The new royalty in Mexico will encourage investors to look at other investment jurisdictions, said Tim Haldane, senior vice-president for Latin America of Toronto-based Agnico Eagle Mines Ltd..
“We enjoy operating in Mexico, we consider Mexico a great place to do business; so, this new tax is disappointing to us. Undoubtedly, it will affect future investments,” Mr. Haldane said in a phone interview.
Brazil and Mexico insisted that their goal was to stimulate competition and secure funds for social programs. In Mexico, the explanation was that the industry was not making a “fair” tax contribution. Half of the revenue from the levy will go directly to the municipal governments where the mines are located for public spending projects.

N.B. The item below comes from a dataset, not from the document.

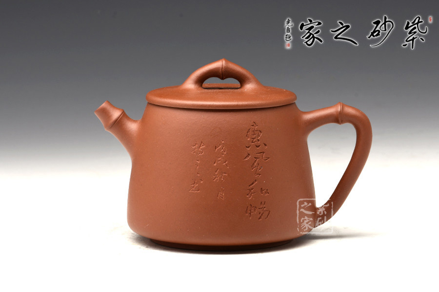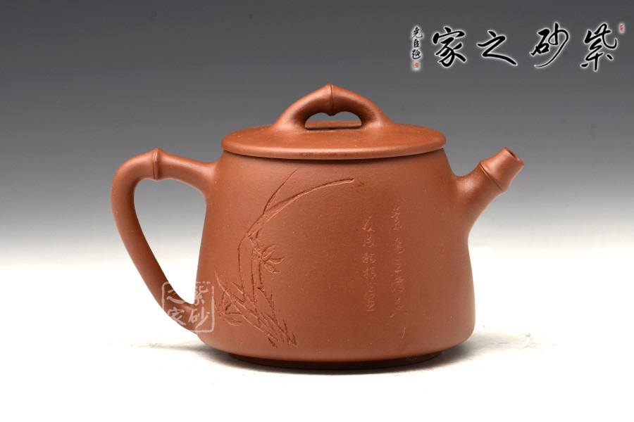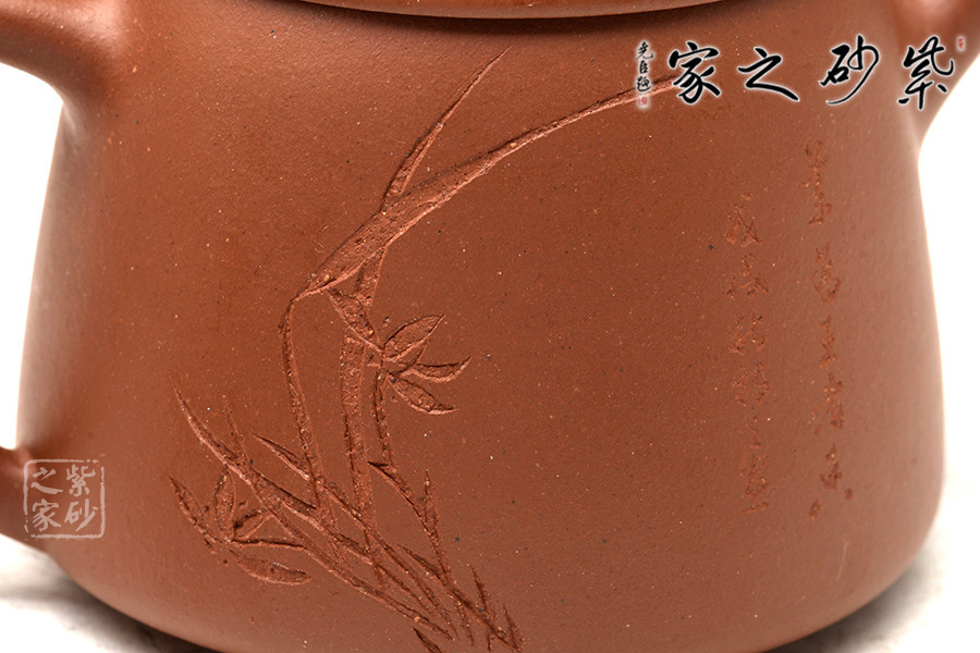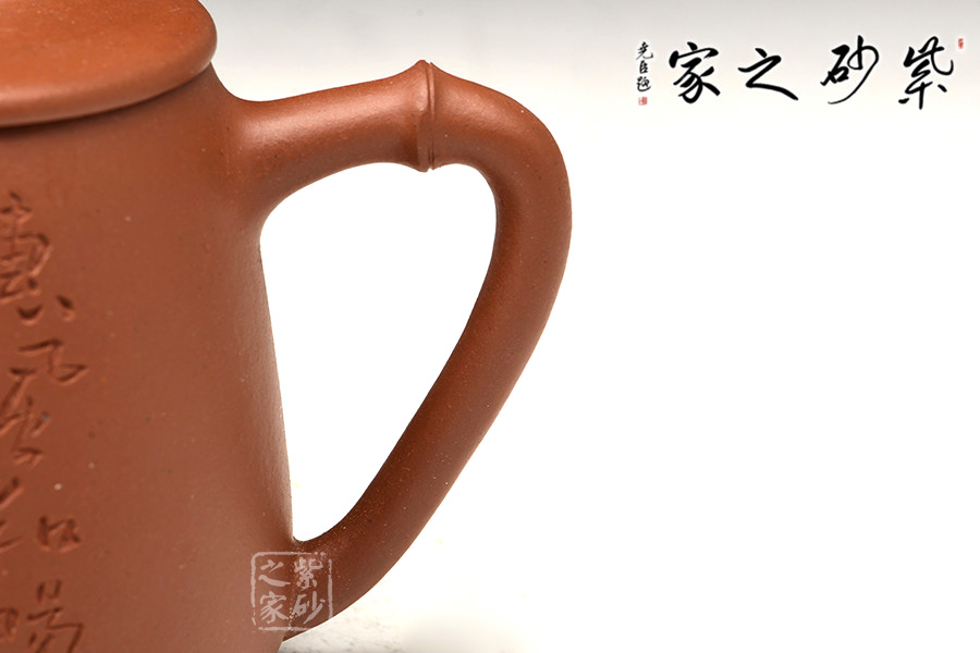 嘴、把、鈕均呈竹形,手工雕刻的竹子形象惟妙惟肖,起落之間的收放自如,完美詮釋了匠人深厚的制壺功底。

The recent commodities boom ratcheted up political pressure on Latin American governments to distribute a bigger share of natural resource profits among local communities, enforce stricter regulation on mining and energy projects, and tighten control over production. Bolivia and Ecuador have said they will step up pressure on multinational oil and gas companies, including such “drastic steps” as nationalization, if they take contract disputes to international arbitration bodies.
Simion Candrea, vice-president of investment banking at Jennings Capital in Toronto, said that “any hint of increasing taxes and royalties represents an additional excuse for investors to reduce their stakes.”
Rising pressure from social activists has been a major factor behind a string of setbacks in mining and energy projects.
Barrick Gold Corp.’s Pascua Lama gold mine over the Chilean-Argentinean border is one of the 18 projects in the region – representing a total investment of $39.7-billion (U.S.) – where construction or operation has been put on hold this year as a result of social pressure, according to Chilean non-profit entity Capital Goods Corp. In Peru, 17 mining projects worth $22.5-billion are expected to be operational by 2017, down from 27 projects expected previously, said Peru Top Publications in a 2013-2016 outlook report.